| Mass. | Oct 15, 1868

Colt, J.

The property of a person under guardianship may be taken on execution issued against him. It may therefore be attached on mesne process in all the usual modes, including the trustee process. The remedy to recover a debt against the ward by suit upon the guardian’s bond is not exclusive. Hicks v. Chapman, 10 Allen, 463. Spring v. Woodworth, 4 Allen, 326. Guardians are not invested with the legal title of the ward’s property. They have only the control and management of it, a power not coupled with an interest. They can make no contract binding upon his person or estate.

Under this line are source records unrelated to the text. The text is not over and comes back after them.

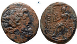
866 Seleucis and Pieria. Antioch circa 100-0 BC. Bronze Æ 26 mm, 12,03 g nearly very fine From the Tareq Hani collection 10
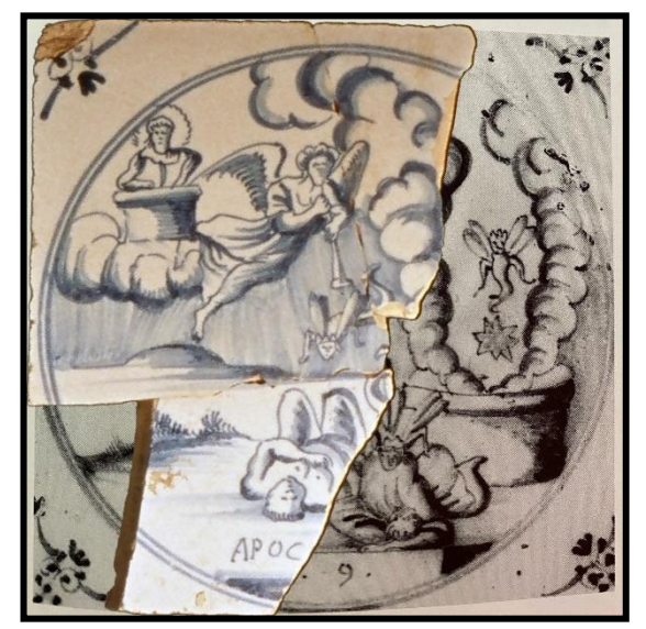
Figure 5. Three fragments mended to show the opening of the Abyss and subsequent plague of locusts from the Apocrypha 9, overlaid on an image of the original tile.

Given the historical information on Dutch tiles and the specifics associated with the fragments from the Eden House archaeological site, several commonalities became apparent. First, all of the tile fragments, as tiles, are attributed to manufacturers in Utrecht. Where Pluis' weighty and extensive tome provides the same thematic images from different tile production centers, the ones from Utrecht are near perfect artistic matches to the Eden House tiles. Secondly, historical examples are all found in the Hannemahuis Museum, which is where Pluis' images of these tiles are likely drawn. Third, all of the tiles contained scriptural references, which means they were likely produced after 1720, the period of Governor Eden's renovation of the Eden House property, including Structure 2. Finally, given the production dates for these tiles, the two tiles depicting the book of Matthew were produced in the third quarter of the 18th century (ca. 1750-1775), later than most of the other tiles. If
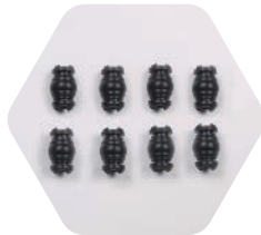
YUNCGO3P102 8 pcs of gimbal mount dampers
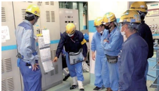
Bilateral communication with subcontractors and others

When the opportunity presents itself, our employees visit equipment construction/maintenance sites and are active in creating and enhancing opportunities to communicate with subcontractors, etc. so that we can deepen mutual understanding and promote safety activities together. By proactively facilitating bilateral communication, we are striving to raise safety awareness and reduce the risk of accidents.
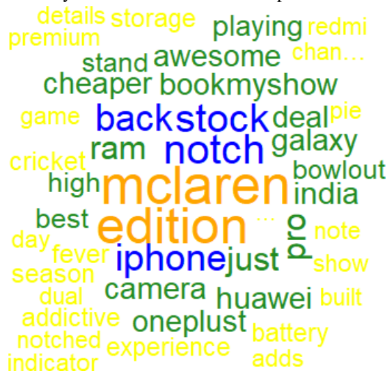
Fig. 2. WordCloud for Sentiment Analysis

The results of the test showed that though some of the customers were not that satisfied with the product but maximum people gave good reviews for the product and that's why our test concluded that the product was hit based on the sentiments of the people.

The funds here disclosed in the hands of the trustee we think must be regarded as the property of the defendant, and liable to this process. There is nothing to show an intention on the part of Osborn, the first guardian, to appropriate to himself the money deposited so that he could only be made accountable for it upon settlement of his guardianship accounts. And the same is true of both the succeeding guardians. On the contrary, the form in which the deposit is made ; the manner in which it has been since treated, the bank itself dealing with the successive guardians as entitled to the control of the same, though not *241changing the account in their books; and the fact that no demand has been or appears now to be made by Osborn upon the bank for the fund; are decisive, in our opinion, that it is the property of the defendant, and so to be treated in this proceeding. Farrelly v. Ladd, 10 Allen, 127. Raynes v. Lowell Irish Benevolent Society, 4 Cush. 343. Moore v. Hazelton, 9 Allen, 104.

It does not seem important to inquire whether Osborn was legally appointed guardian or not; for, if he was not, the position that the trustee ought not to be charged is not strengthened by the fact. Trustee charged.